There is no real strong central narrative in this show, nor, for that matter, even a particular plot pattern. Sometimes an entire episode or two will be devoted to one country; on other occasions an individual country might get only ten minutes. The main characters admit during the course of the show that they themselves really aren't sure of the meaning or point of their journey. They have no destination, no particular goal, just a simple general rule they observe about stay length. Despite being a completely episodic show low on action or continuing plot, Kino's Journey ended up being an intriguing title that had me eagerly wanting to see each episode and something I think anime fans looking for something a bit philosophical should give a try.
Every episode (or on occasion episode segment) is a sort of philosophical anime meditation on some particular aspect of humanity as expressed through the different cultures, customs, and people of the generally city-state sized countries that Kino and Hermes journey through. Kino is generally a detached and non-critical observer of humanity letting most of these explorations seem more intellectually intriguing or emotionally involving than annoyingly didactic. This isn't to say that everything is always particularly serious. While there are some countries where the darker and more disturbing aspects of the human condition are explored, on occasion some of the lighter and more beautiful aspects of the same are presented. However, I will note that overall Kino's Journey tends more toward the somber and dramatic.

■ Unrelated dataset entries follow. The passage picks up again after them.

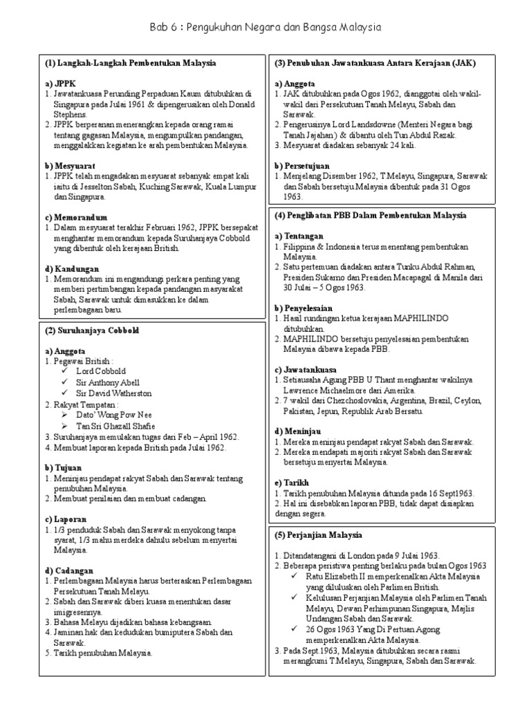 Kertas 3 Sejarah Tingkatan 5 Bab 6 Pembentukan Malaysia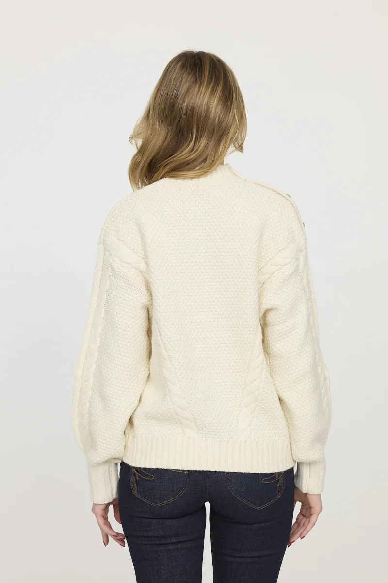 Pull en maille col rond confortable et stylé avec ornement sur l’épaule droite, assurant une protection supplémentaire contre le froid et une allure élégante.
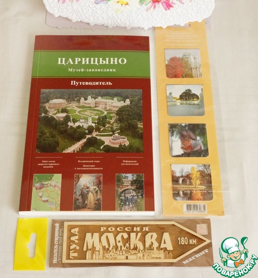 Иришка, помня, что когда мы с ней и Женечкой были в Царицино, мне не удалось купить сувениры и вот моя заботливая подружка подарила мне красивый и подробный путеводитель, магнитные закладочки с видами Царицино и чудесный магнит, что бы я не забывала дорогу до неё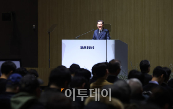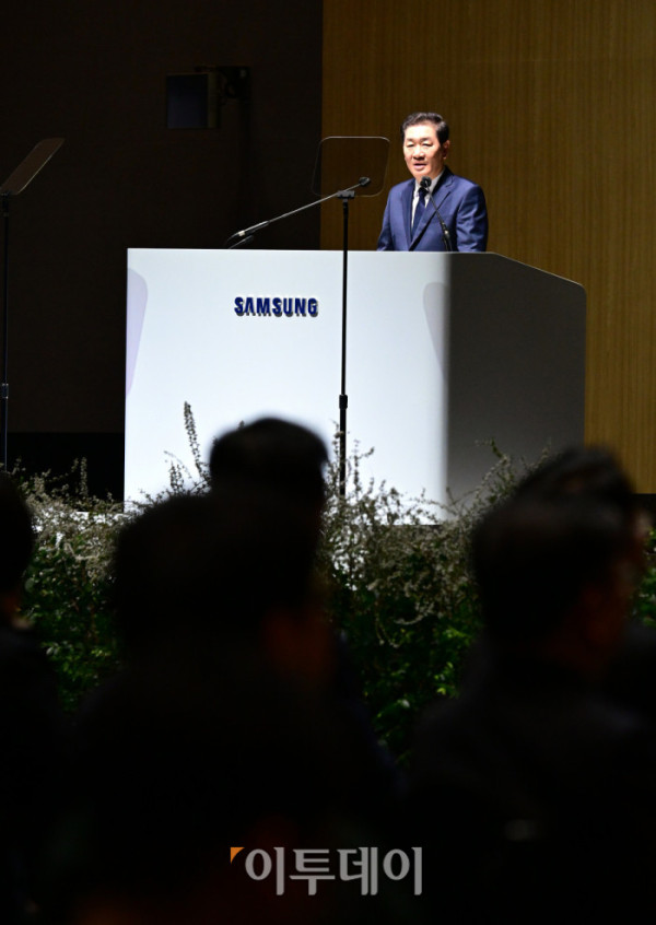 ▲한종희 삼성전자 부회장이 19일 경기 수원시 영통구 수원컨벤션센터에서 열린 제56기 삼성전자 정기주주총회에서 인사말을 하고 있다. 조현호 기자 hyunho@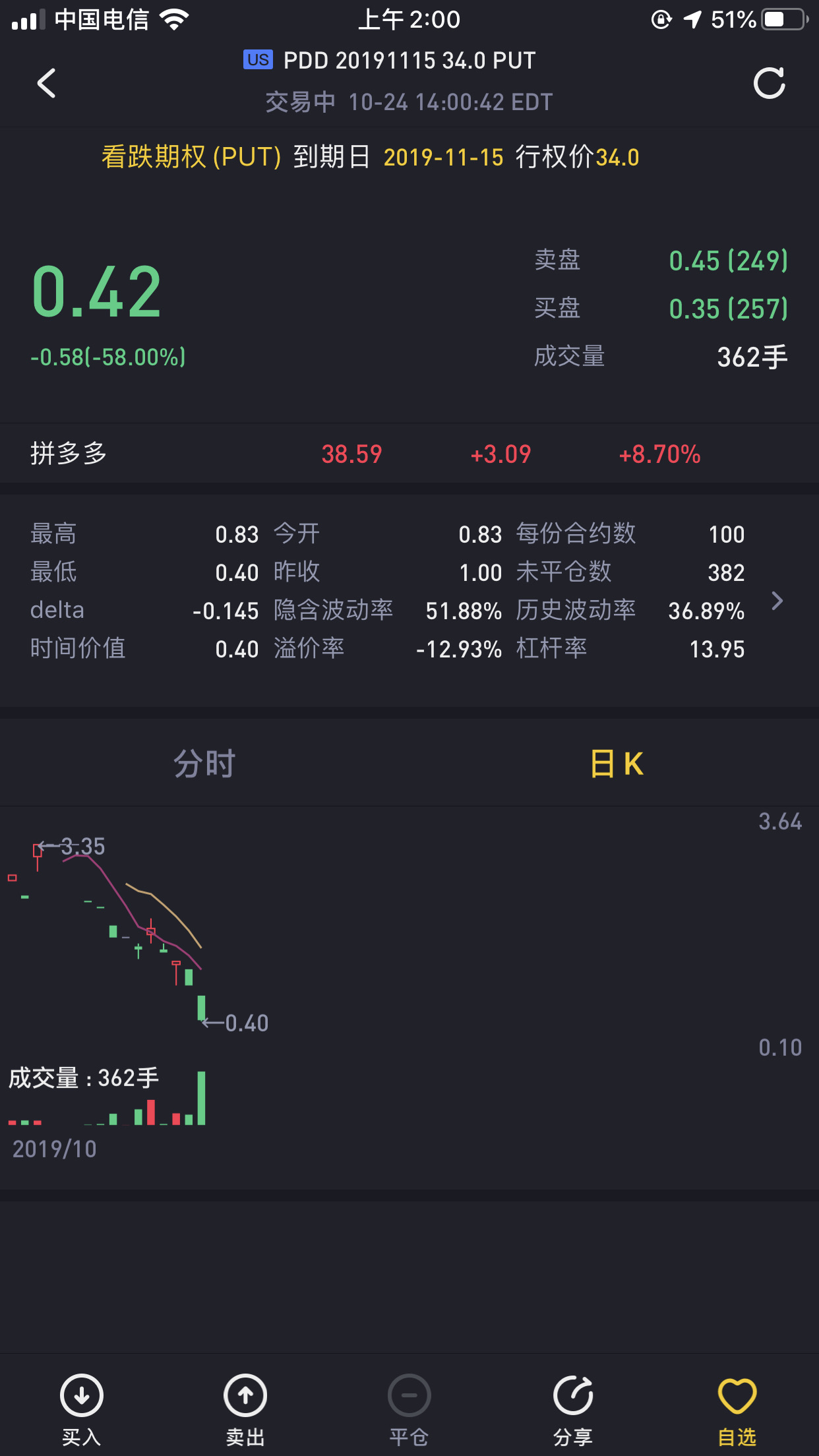 我10.18号put已经成废单了,他妈的跌成一分,这次我又继续p不相信它回不去,我p在34希望能到

Initially, while Kino's near total neutrality and objectivity may, at times, make the character seem less than engaging as the show progresses various different thoughts, pieces, and experiences help the viewer gain better insight into the character. Kino and Hermes spend a lot of time discussing their experiences and the implication which serves both as fodder for thematic exploration and character development. During the final few episodes, the previous characterization work in regards to Kino proved critical to heightening the emotional impact of several scenes. Interestingly enough, Kino and Hermes are, in a sense, a single character. The use of a sentient motorcycle (or motoradd as he is called in the show) allows for several conversations about the meaning of various events and experiences even when there are no other human characters present. I must admit I interpreted Hermes as really just a device simply for that purpose but I wasn't particularly irritated by that fact.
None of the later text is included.